Red-black trees have overheads just to access the next element (pointer lookups)
Red-black trees do not play well with the cache and the pointer accesses could induce more swapping.
Rotation in red-black trees will increase the constant factor in the O(nlogn).
Perhaps the most important reason (but not valid if you have lib etc available), Quicksort is very simple to understand and implement. Even a school kid can understand it!
I would say you try to measure both implementations and see what happens!
Also, Bob Sedgewick did a thesis on quicksort! Might be worth reading.
There are plenty of sorting algorithms which are worst case O(n log n) - for example, merge sort. The reason quicksort is preferred is because it is faster in practice, even though algorithmically it may not be as good as some other algorithms.
Often in-built sorts use a combination of various methods depending on the values of n.
There are many cases where red-back trees are not bad for sorting. My testing showed, compared to natural merge sort, that red-black trees excel where:
Trees are better for Dups:
All the tests where dups need to be eleminated, tree algorithm is better.

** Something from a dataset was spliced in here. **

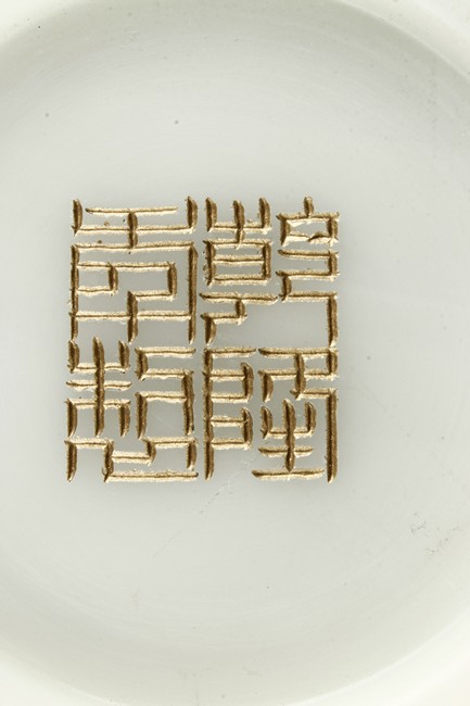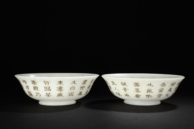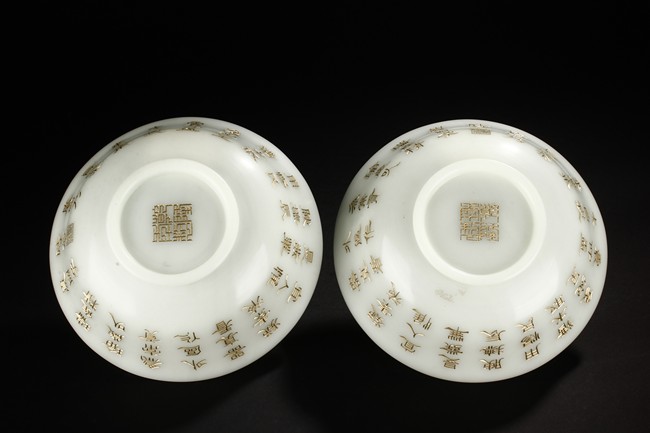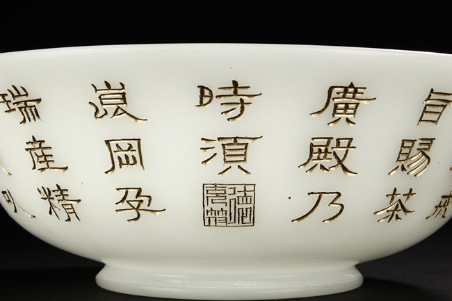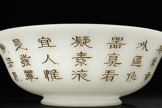 The shallow bowls curves elegantly, supported by splayed ring foot, the body gilt with poetry calligraphy and artist mark, all on top of smooth white glass, and the bottom bears four character'QIANLONG' mark. Qing Dynasty Period.

This is not astonishing, since the tree can be kept very small from the beginning, whereby algorithms that are designed for inline array sort might pass around larger segments for a longer time.

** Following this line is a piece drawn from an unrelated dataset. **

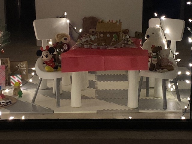 Another family effort, the children’s stuffies gathered around a table waiting for a chance to eat the gingerbread house:

Trees are better for Random:
All the tests with random, tree algorithm is better. This is also not astonishing, since in a tree distance between elements is shorter and shifting is not necessary. So repeatedly inserting into a tree could need less effort than sorting an array.
So we get the impression that the natural merge sort only excels in ascending and descending special cases. Which cant be even said for quick sort.
Gist with the test cases here.
P.S.: it should be noted that using trees for sorting is non-trivial. One has not only to provide an insert routine but also a routine that can linearize the tree back to an array. We are currently using a get_last and a predecessor routine, which doesn't need a stack. But these routines are not O(1) since they contain loops.
Big-O time complexity measures do not usually take into account scalar factors, e.g., O(2n) and O(4n) are usually just reduced to O(n). Time complexity analysis is based on operational steps at an algorithmic level, not at a strict programming level, i.e., no source code or native machine instruction considerations.
Quicksort is generally faster than tree-based sorting since (1) the methods have the same algorithmic average time complexity, and (2) lookup and swapping operations require fewer program commands and data accesses when working with simple arrays than with red-black trees, even if the tree uses an underlying array-based implementation. Maintenance of the red-black tree constraints requires additional operational steps, data field value storage/access (node colors), etc than the simple array partition-exchange steps of a quicksort.
The net result is that red-black trees have higher scalar coefficients than quicksort does that are being obscured by the standard O(n log n) average time complexity analysis result.
Some other practical considerations related to machine architectures are briefly discussed in the Quicksort article on Wikipedia
Generally, representations of O(nlgn) algorithms can be expanded to A*nlgn + B where A and B are constants. There are many algorithmic proofs that show the coefficients for quicksort are smaller than those of other algorithms. That is in best-case (quick sort performs horribly on sorted data).
Hi the best way to explain the difference between all sorting routine in my opinion is.
(My answer is for people who are confused how quick sort is faster in practice than another sorting algo).
"Think u are running on a very slow computer".
First thing one comparing operation takes 1 hour.
One shifting operation takes 2 hours.
"I am using hour just to make people understand how important time is".
Now from all the sorting operations quick-sort have very very less comparisons and very less swapping for elements.
Quick-sort is faster for this main reason.